12-12-2011, 05:35 PM
(This post was last modified: 12-12-2011, 05:42 PM by AnthroHeart.)
Since my mental breakdown experience of a month ago, I've felt emotionally sensitive. I'm a guy, and just earlier I broke down in tears talking to my father. I wasn't thinking of anything in particular, but just felt overwhelming sadness. Is that getting more common for guys to break down in tears for no reason at all?
Well, there are some underlying issues like I will have to close my business, but I was never really attached to that. I'll be glad when it's over. Perhaps I'm a little homesick and wanting to visit my dad again. I don't understand though as we're not too close. But I look up to him and my step mom.
Is it the 4D energies that are causing me to feel more emotionally sensitive than usual? I've never been in tears when talking to my dad before.
And how does one find joy in their life. I'm on meds that could be part of the problem. Without them, my mind feels like it's floating away.
I tried attending a depression/bipolar group, but I picked up on the emotions of everyone there, and I didn't get much out of it, except maybe to meditate.
Does one meditate to find joy? I have trouble going deep. Deep means more processing to do.

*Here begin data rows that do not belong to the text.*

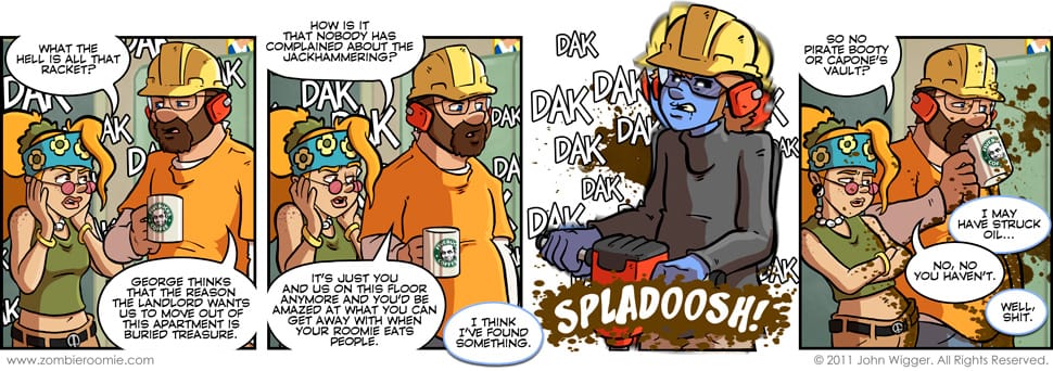 I'm pretty sure the guys aren't going to get their security deposit back anymore... One of the harder parts of this comic was figuring out the onomatopoeia for the sound of a jackhammer... dak dak dak repeated ended up being pretty close. I like sticking the guys in costumes and wacky props so when I had the idea of George tearing up the kitchen floor in search of treasure I wanted to stick them in hard hats and ear protection. I think they're the required level of goofy.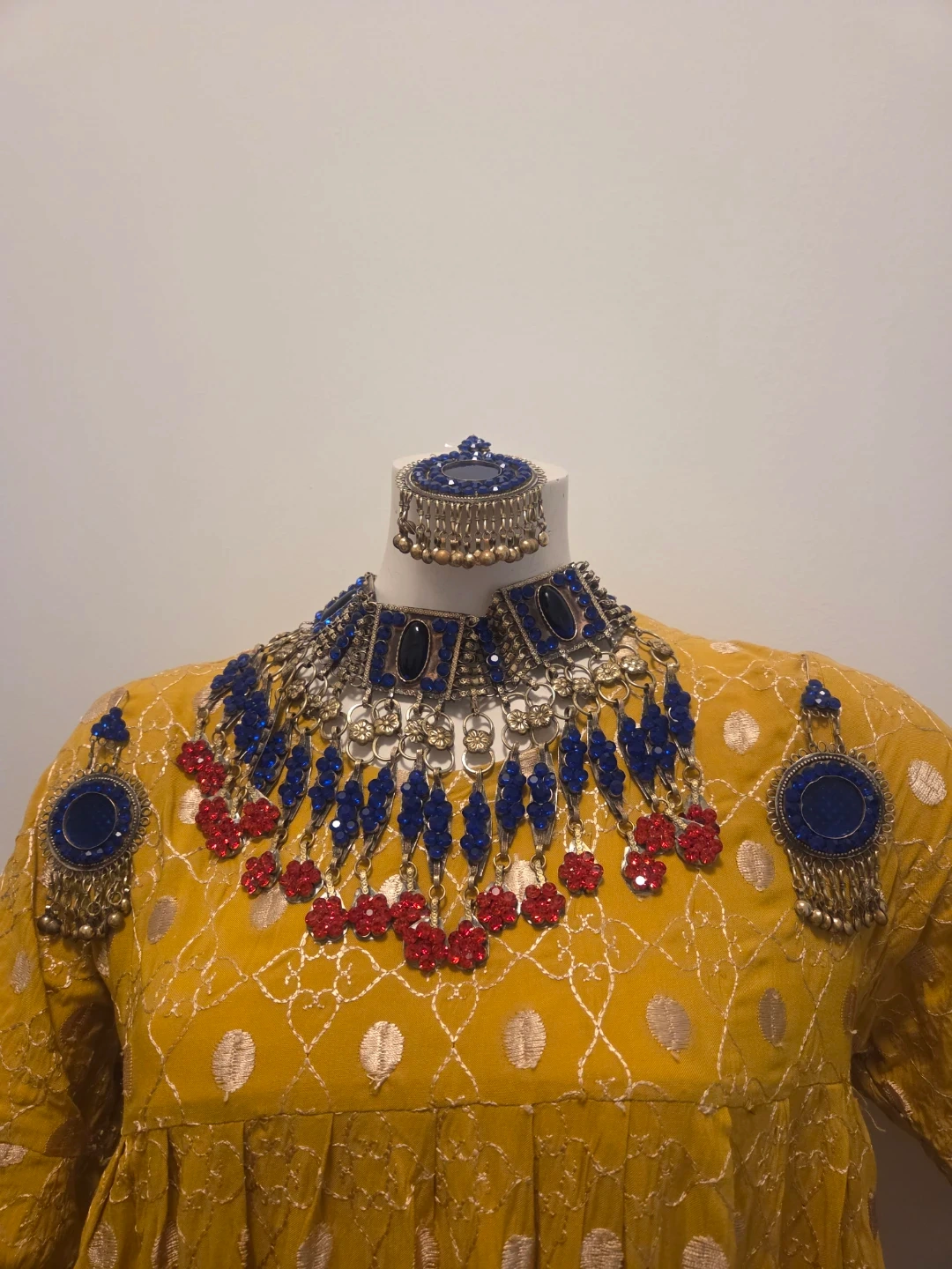 Beautiful matching set of necklace, headpiece, and earrings. The set features blue and red beads with silver accents. Perfect for adding a pop of colour to any outfit!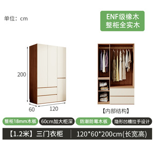 【1.2m长*2.0m高】三门衣柜【木材厚度18mm】

How do others find joy in these emotionally turbulant times?
I'm going to be attending this convention, god willing, if my finances are ok for it: https://www.furryfiesta.org/
And hopefully my empathic side won't be overwhelmed with how excited everyone is. A little over a month ago I couldn't handle even seeing a video of people in fursuits, it was just too awesome for me to handle. And in 2 months I'll be going to a live 6-days of being around fursuits. Am I setting myself up for failure? Do we do what we love, even if it's too amazing to behold?
That's probably my greatest passion, all those furries there. But even thinking about it now doesn't bring me joy. Maybe I'm a little depressed, as I'm often bored bored bored. Even at work I get bored.
Is it normal for a man to cry when nothing's on their mind? Does the emotional energy of sadness sometimes come over with no reason? I mean even when my mind is clear, I still cried, and I didn't know why.
Well, at least I'm not in the dark night of the soul again. That got really bad. Now, it's just general discomfort. I mean I'm not married, nor really a family to take care of. No kids, but I do have 2 dogs, and one of them is my life. Means the world to me. I get giddy around him, but still I don't feel the joy in my heart being around him.
It's all so strange, these are some of the darkest days of my life.
Well, there are some underlying issues like I will have to close my business, but I was never really attached to that. I'll be glad when it's over. Perhaps I'm a little homesick and wanting to visit my dad again. I don't understand though as we're not too close. But I look up to him and my step mom.
Is it the 4D energies that are causing me to feel more emotionally sensitive than usual? I've never been in tears when talking to my dad before.
And how does one find joy in their life. I'm on meds that could be part of the problem. Without them, my mind feels like it's floating away.
I tried attending a depression/bipolar group, but I picked up on the emotions of everyone there, and I didn't get much out of it, except maybe to meditate.
Does one meditate to find joy? I have trouble going deep. Deep means more processing to do. How do others find joy in these emotionally turbulant times?
I'm going to be attending this convention, god willing, if my finances are ok for it: https://www.furryfiesta.org/
And hopefully my empathic side won't be overwhelmed with how excited everyone is. A little over a month ago I couldn't handle even seeing a video of people in fursuits, it was just too awesome for me to handle. And in 2 months I'll be going to a live 6-days of being around fursuits. Am I setting myself up for failure? Do we do what we love, even if it's too amazing to behold?
That's probably my greatest passion, all those furries there. But even thinking about it now doesn't bring me joy. Maybe I'm a little depressed, as I'm often bored bored bored. Even at work I get bored.
Is it normal for a man to cry when nothing's on their mind? Does the emotional energy of sadness sometimes come over with no reason? I mean even when my mind is clear, I still cried, and I didn't know why.
Well, at least I'm not in the dark night of the soul again. That got really bad. Now, it's just general discomfort. I mean I'm not married, nor really a family to take care of. No kids, but I do have 2 dogs, and one of them is my life. Means the world to me. I get giddy around him, but still I don't feel the joy in my heart being around him.
It's all so strange, these are some of the darkest days of my life.